The first chapter of Done With The Crying: Help and Healing for Mothers of Estranged Adult Children provides examples of mindfulness to help with negative thinking and move parents into a calmer, more helpful state of mind. The same principle of staying fully present in the moment, rather than letting thoughts drift into painful rumination about the past or uncertain speculation about the future can protect you from accidental injury, and help with forgetfulness too.

If you’re like many parents who confide they’re extra clumsy since the estrangement began, awareness is a good first step to taking better care of yourself. As you go about your day, remind yourself of what you’re doing, where you’re going, and to take extra care—just as that soft voice on the narrow stairway in that China Town shop reminds customers.

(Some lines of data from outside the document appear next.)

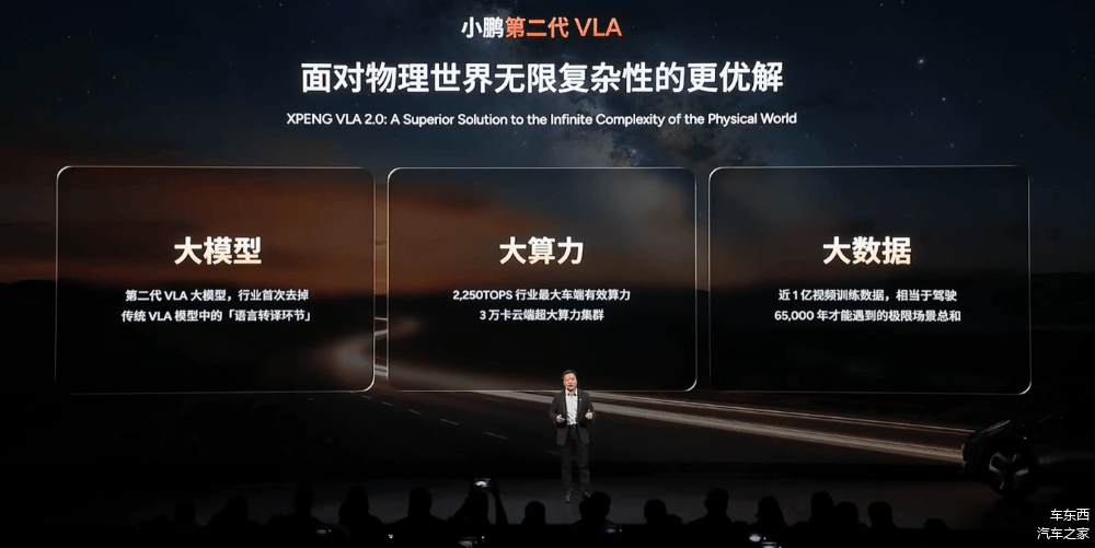 何小鹏表示,小鹏第二代VLA是面对物理世界无限复杂性的更优解,将快速地带来接近L4的智驾体验。
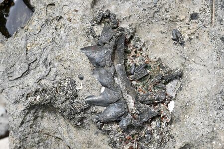 ancient Mesozoic age fossil fish in the rock
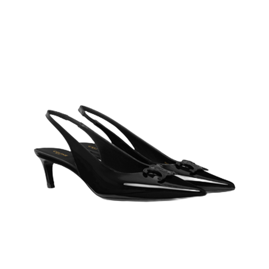 (W) Celine Alma Triomphe Slingback in Patent Calfskin Black
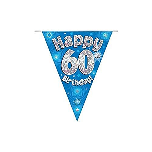 Festone per feste Happy 60th Birthday Blue Holographic 11 bandiere, 3,9 m
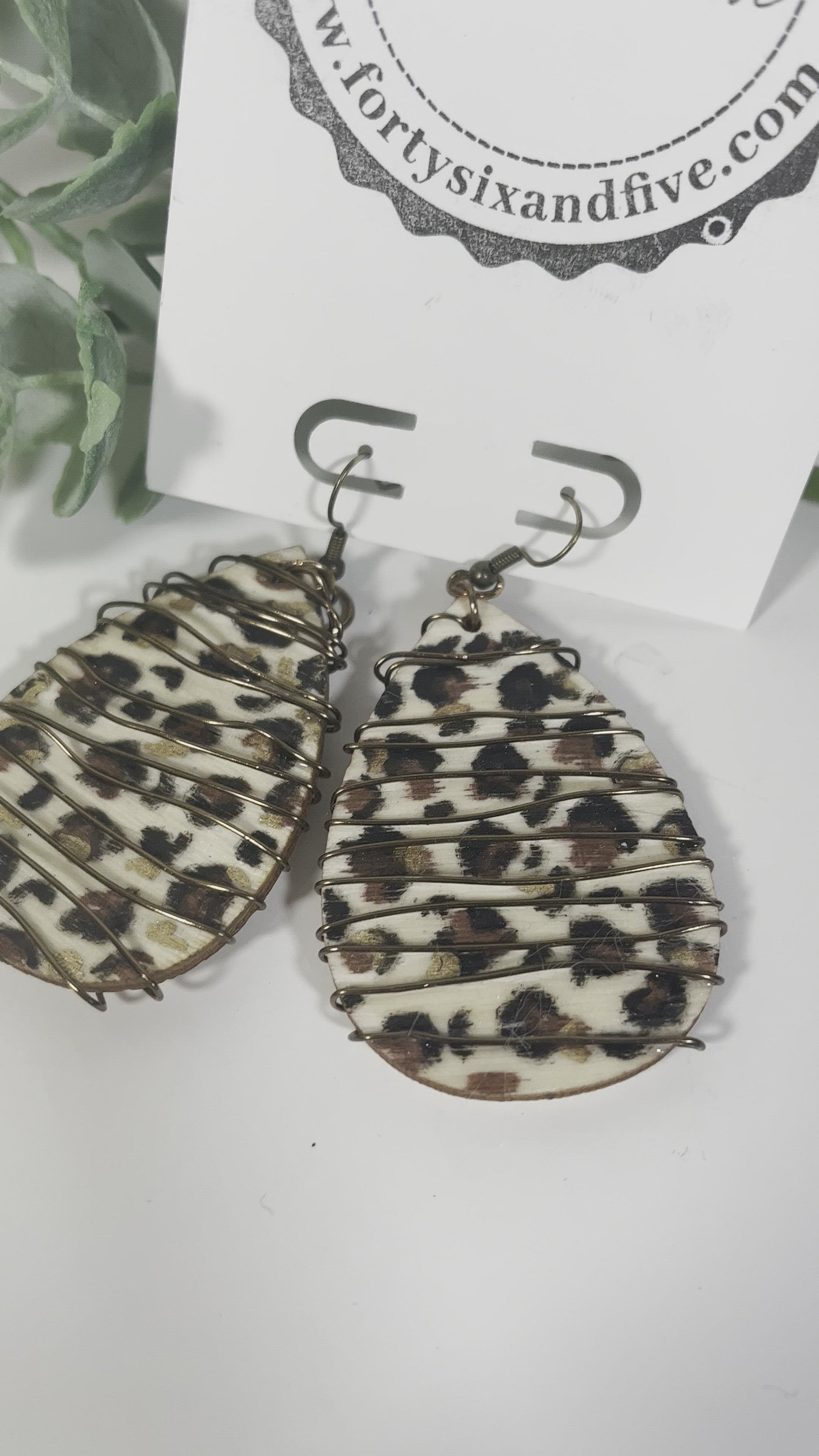 leopard hand drawn print with wire wrapping and a style so chic you will want to wear this fierceness every single day! Amazingly lightweight and eye catching. This girl is a winner!

Remaining in the moment helps you see potential dangers. Fully absorbed in your current activity, you’re more likely to notice a rock in the hiking path or an upturned rug in the hall. You’ll be better prepared to react as well—to a car that pulls out in front of you, a stray ball that flies at you in the park, or to a kind friend’s story or joke.

Prune out extras

One of the strategies among those sprinkled throughout Done With The Crying, is something past clients have used to calm the chaos in their lives. In times of extra stress, it can help to see your life as a beautiful bouquet. You can’t keep adding flowers to an already full vase. Even the loveliest arrangement requires trimming some stems and removing some flowers as they fade. Take a look at your life bouquet. Where can you trim and simplify? By reducing your commitments, even by a little, you’ll have more time to focus. Hurrying from one commitment to the next and multitasking only make you scattered, and inhibit concentration. Do yourself a favor and prune a few non-necessities from your life. It’s a small step toward thriving in the midst of estrangement stress. You’ll have more time to pause between tasks as well. The time to take a deep breath, give yourself a pep talk, or remind yourself of any good in your life.

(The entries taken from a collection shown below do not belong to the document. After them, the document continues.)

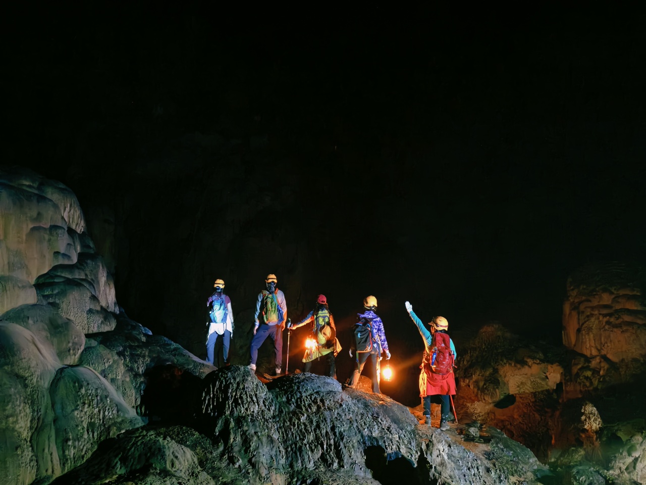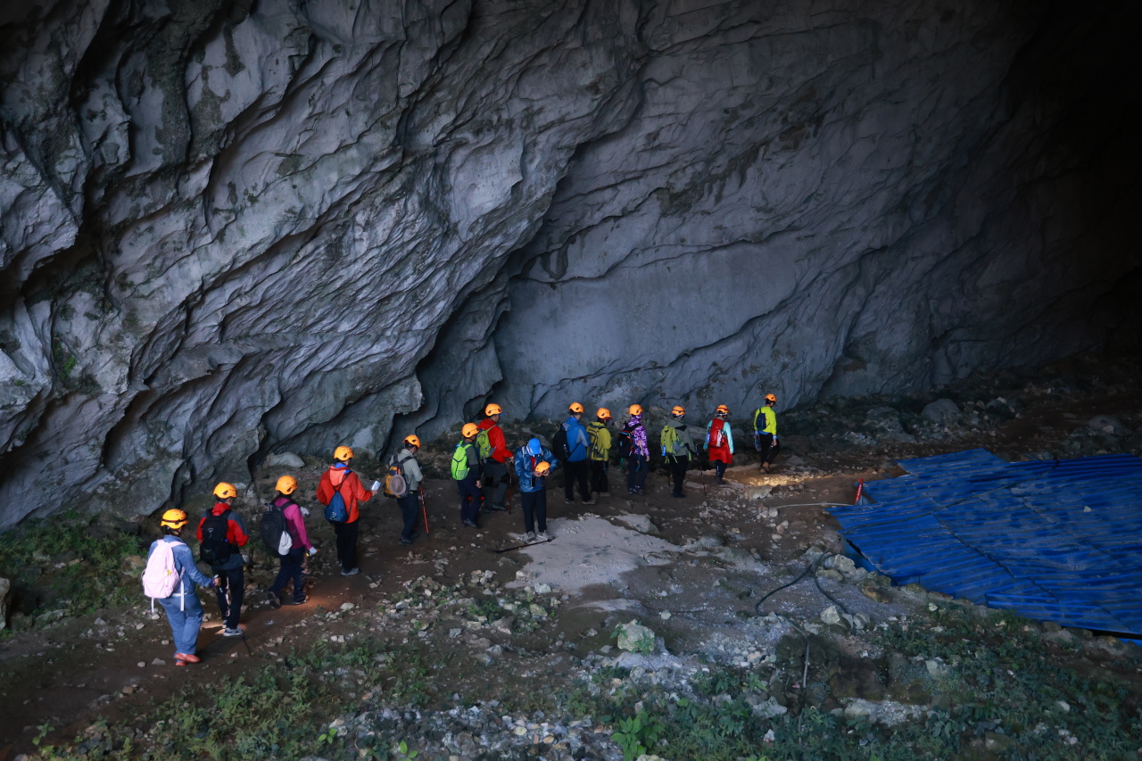 07:30徒步地心之旅。5小时的熊家俩洞连穿徒步穿越,线路很成熟,地心之旅徒步大会精华段就这里。这个季节,最合适早起登山,先进行一小段的登山,今天的午餐是路餐,只能是在洞里吃,带上温水,还有干粮,一起探索神奇的天坑溶洞世界吧
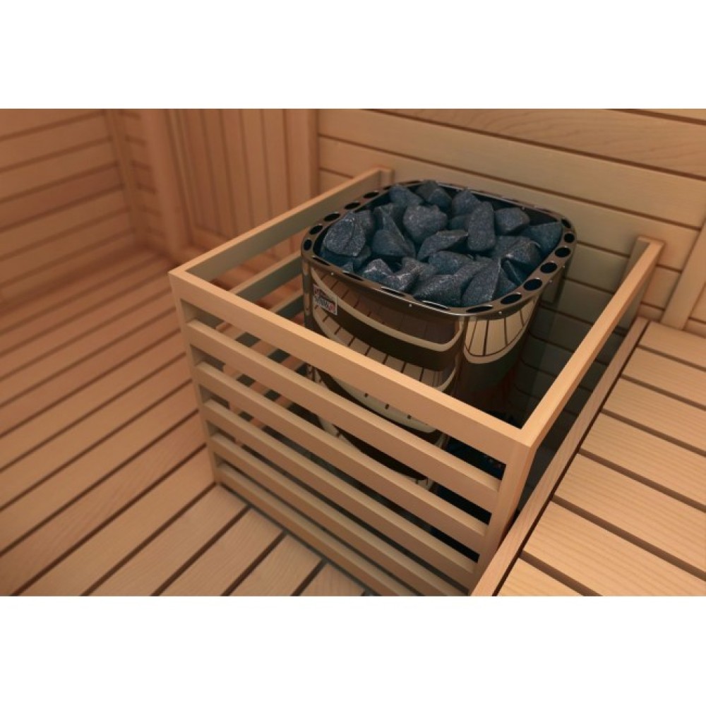 Электрические печи SAWO серии Savonia прекрасно подходят как для бытового, так и для коммерческого использования. Каменка не имеет острых углов и прекрасно вписывается в интерьер любой сауны. Загрузка большого количества камней позволяет получать большое количество пара. Все печи данной серии устанавливаются на полу и имеют регулируемые ножки.
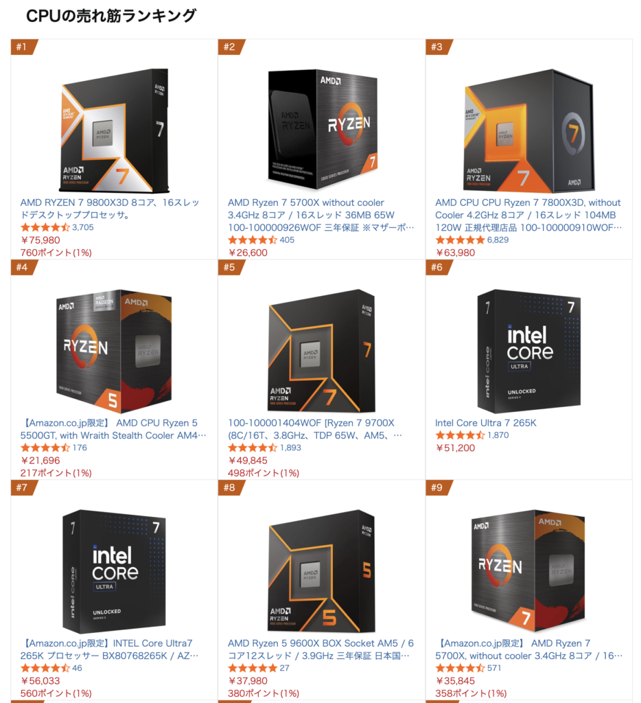 CPUの販売ランキングは、主にRyzen 9000シリーズやCore Ultra 200シリーズなど比較的新しいCPUがランクインする傾向にありました。しかし、直近のAmazonの販売ランキングでは、Ryzen 7 5700Xが2位と9位、Ryzen 5 5500GTが4位と、トップ10の中に3製品がランクインしています。旧世代CPUとしては異例の人気です。
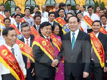 Chủ tịch nước Trần Đại Quang với các đại biểu tại buổi gặp mặt. (Ảnh: Nhan Sáng/TTXVN)
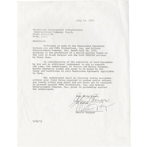 <B>Al Pacino Signed "Serpico" Contract.</B></I> One-page agreement between Al PAcino and Produzione DeLaurentiis International, dated July 24, 1972, engaging the actor to star in the 1973 crime drama/biopic, and signed by Pacino and producer Martin Bregman in black ballpoint. In Excellent condition with minimal wear. <I>Accompanied by LOA from PSA/DNA.</B></I><BR><BR><b>Shipping:</b> Flat Material, Small (<a target="_blank" href="http://www.heritageauctions.com/common/shipping.php">view shipping information</a>)

Support yourself physically

Earlier, I mentioned exercise for its helpful properties in terms of balance and coordination—two things that can help in preventing accidents. While it’s not wise to jump into a vigorous exercise regime that may only add stress, and increase risk of injury, gentle physical training can help. Like a gradually increasing walking routine. Or perhaps the Qui Gong title I recommend in my book.

Sleep is also important to keep you strong and alert. An upcoming article will include ideas for better rest for parents suffering distress when their adult child is estranged. Meanwhile, utilize the strategies in my book that resonate with you, and make a practice of being mindful in the moment.

In short, watch what you’re doing.  Be careful. Keep yourself safe.